Oncology Times spoke to Benjamin Puliafito, MD, Internal Medicine Resident at the Mount Sinai Hospital and lead author of the study to discuss several aspects of their work.
What was the rational for this study?
Puliafito: Our study was part of a quality initiative to assess our institution's outcomes with allogeneic HCT for diffuse large B-cell lymphoma patients over the past 10 years. We wanted to look at benchmark outcomes with a plan to compare them with CIBMTR data and other single-center studies. Our study was prompted by the emerging role of CAR-T therapy and the question of whether allogeneic transplant could still have a potential role in our patients with diffuse large B-cell lymphoma patients.
Is this study population representative of the real-world population of people who have DLBCL? Can you share some details on the demographics?
Puliafito: Our patient demographics appear to be representative of the general DLBCL patient population. The majority of our patients (72%) were white or Caucasian with a male predominance (61%), similar to CIBMTR studies on alloHCT in DLBCL. The median age at the time of diagnosis was 49 years old, which is younger than many DLBCL patients but consistent with the fact that younger patients were more likely to go on to alloHCT.
The application of alloHCT has been historically limited to healthier, younger patients given the high rates of non-relapse mortality associated with this procedure. Do the current study results give you confidence to use this procedure in broader range of patients? In which candidates/situations should this treatment process be considered?

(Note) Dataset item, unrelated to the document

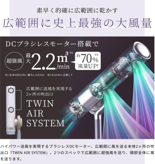 DCブラシレスモーター採用で、シリーズ史上最大風量を実現しており、速乾性のアップ&静音化という使い勝手が改善されています。

Puliafito: One of the most important findings is that the patients who underwent alloHCT at our institution over the past 10 years had a broad range of characteristics. The median age of the patients undergoing alloHCT was 53 years old, ranging from 30 to 67 years old. The median Karnofsky performance status of 70. Only 60% of the patients had had a prior autologous HCT (autoHCT) and almost a quarter of the patients had chemoresistant disease. This range of patient factors and disease status is clearly an important context for our overall outcomes. This broad range of patient characteristics reflects how the application of alloHCT has narrowed over the past 10 years. Overall, we foresee the paradigm shifting for alloHCT only to be considered in relapsed disease after CAR-T therapy.
What are some limitations of the study?
Puliafito: The biggest limitation of our study is that it is retrospective in design. Moreover, given the relatively small number of patients in the study, we are unable to determine the patient or disease factors that may have improved response or survival in alloHCT. Importantly, new therapies including CAR-T have evolved over the past decade and become standard of care. The future patient population of allogeneic transplant candidates in DLBCL will have received CAR-T and/or other therapies, and it remains to be seen how such prior immunotherapies will have an effect on allogeneic stem cells.
Dibash Kumar, Das, PhD is a contributing writer.